Начо не терпелось поговорить опять о гиппопотамах.
– Нет, ты мне скажи, Карлучо, если не будет зоопарков, куда будут ходить дети, чтобы посмотреть на животных?
– Куда? Никуда.
– Как это – никуда? Значит, мы уже не сможем увидеть диких животных?
– Не сможете. Никто не умрет из-за того, что не увидит льва в клетке. Лев должен жить в лесу, в лесу он должен жить. Со своим отцом и матерью, пока маленький. Или со своей львицей, если взрослый, и с дитем. А тех негодяев, что их ловят, я бы поменял с ним местами, посадил бы в клетку в зоопарке. Пусть себе жрут в клетке жареный маис. Так им и надо.
Начо посмотрел на него.
– Тебе вот нравится со мной разговаривать, правда?
– Конечно, нравится.
– Ну вот, зверям тоже нравится разговаривать. Как ты думаешь? Или ты считаешь, что если они рычат, так, значит, не разговаривают? Ты представляешь себе, каково медведю в клетке, всегда одно и то же, те же повороты, туда-сюда, сюда-туда, все по кругу, всегда один-одинешенек, все только думаешь и думаешь. – Он посмотрел на зеленую крышу. – Даже трудно поверить, что никто этого не замечает.
И, немного погодя, продолжал:
– Мне нравится делать эксперименты. Знаешь, что я однажды сделал?
Улыбка на его лице показала, что этот эксперимент был решающим.
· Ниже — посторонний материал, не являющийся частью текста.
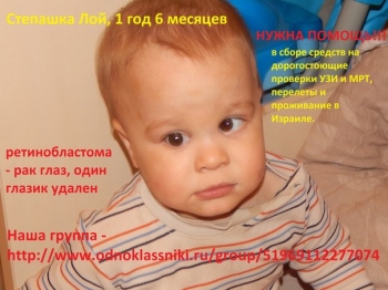У Стёпы остался всего один глазик. Правый глазик удален, он ведь не вырастет снова.  Вместо правого глазика стоит протезик, который  каждые  два дня в целях гигиены родители достают из полости глазницы, промывают теплой водой  и ставят обратно. Очень становиться жутко при мысли, что и левый глазик можно  не сохранить. Ведь через 6 месяцев ремиссии у Стёпашки снова появлялась опухоль в сохраненном левом глазике. И благодаря тому, что малыш регулярно и в определенные сроки  проходит проверки в Израиле, врачам удалось вовремя заметить, оперативно начать лечение и побороть страшную опухоль. Стёпе просто жизненно необходимо проходить проверки в Израиле, что бы сохранить то, что  с таким трудом сохранили.
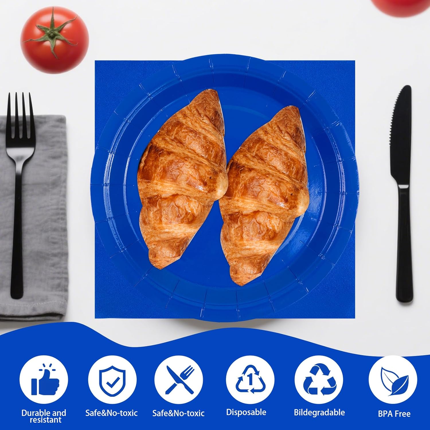 • 【SUPERIOR QUALITY】: Blue party plates made with food grade and high-quality paper materials, strong enough to hold a variety of snacks, salads, and desserts without sagging or tearing, you can confidently serve dishes, and the blue napkins are soft,skin-friendly and absorbent, safe contact with food and skin.

– Знаешь, что я сделал? Я пошел в зоопарк в час вечерни.
– Что значит – вечерни?
– Да что ты, глупыш! Вечерком, значит. Когда зоопарк уже закрыли. Ты видел ограду со стороны авениды Сармьенто?
– Видел.
– Ну вот, было это вечером, ребятишки разошлись по домам пить молоко, сторожа заперли ворота. В общем никого не было видно. Вот когда надо смотреть, какой он есть, зоопарк. Попробуй и ты.
– Что – попробуй?
– Сходить в зоопарк, когда там никого нет.
– Ну, и какой же он, Карлучо?
Карлучо опустил голову и принялся что-то рисовать прутиком на песке.
– Он очень печальный, – пробормотал он.
– Потому что нет ребятишек? Потому что зверям не дают карамелек и печенья? Поэтому?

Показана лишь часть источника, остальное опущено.